A further aspect of the invention provides a pharmaceutical and optionally cosmetic composition for the therapeutic or prophylactic treatment of a disorder mediated by Hsp, comprising a compound of formula (I) as described above and one or more pharmaceutically or cosmetically acceptable carriers and/or excipients, wherein the disorder is selected from: a neurodegenerative disease, a cancer disease, a metabolic syndrome, a lysosomal storage disease, and a skin disorder condition, and wherein the treatment further comprises administering at least one therapeutic agent selected from an agent useful for treating a neurodegenerative disease, a cancer disease, a metabolic syndrome, a lysosomal storage disease, or a skin disorder.

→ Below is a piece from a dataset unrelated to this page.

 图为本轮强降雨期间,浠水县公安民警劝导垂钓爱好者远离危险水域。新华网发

Another aspect of the invention provides a compound of formula (I) as described above for use in a combination therapy, wherein the combination therapy comprises administering to a patient an effective amount of a compound of formula (I) as described above, simultaneously, separately or sequentially, together with heat treatment or together with other therapies for the treatment of a given pathophysiological state.

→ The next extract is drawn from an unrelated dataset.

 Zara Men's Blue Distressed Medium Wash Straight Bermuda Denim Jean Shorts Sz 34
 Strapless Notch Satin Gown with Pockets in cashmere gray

Another aspect of the present invention provides certain novel compounds and stereoisomers of formula (I), including enantiomers, diastereomers, racemic mixtures, mixtures of enantiomers and combinations thereof, as well as polymorphs, pharmaceutically acceptable salts, solvates, esters and prodrugs thereof, in enantiomerically enriched form, as described below, and further provides pharmacological and cosmetic compositions containing them.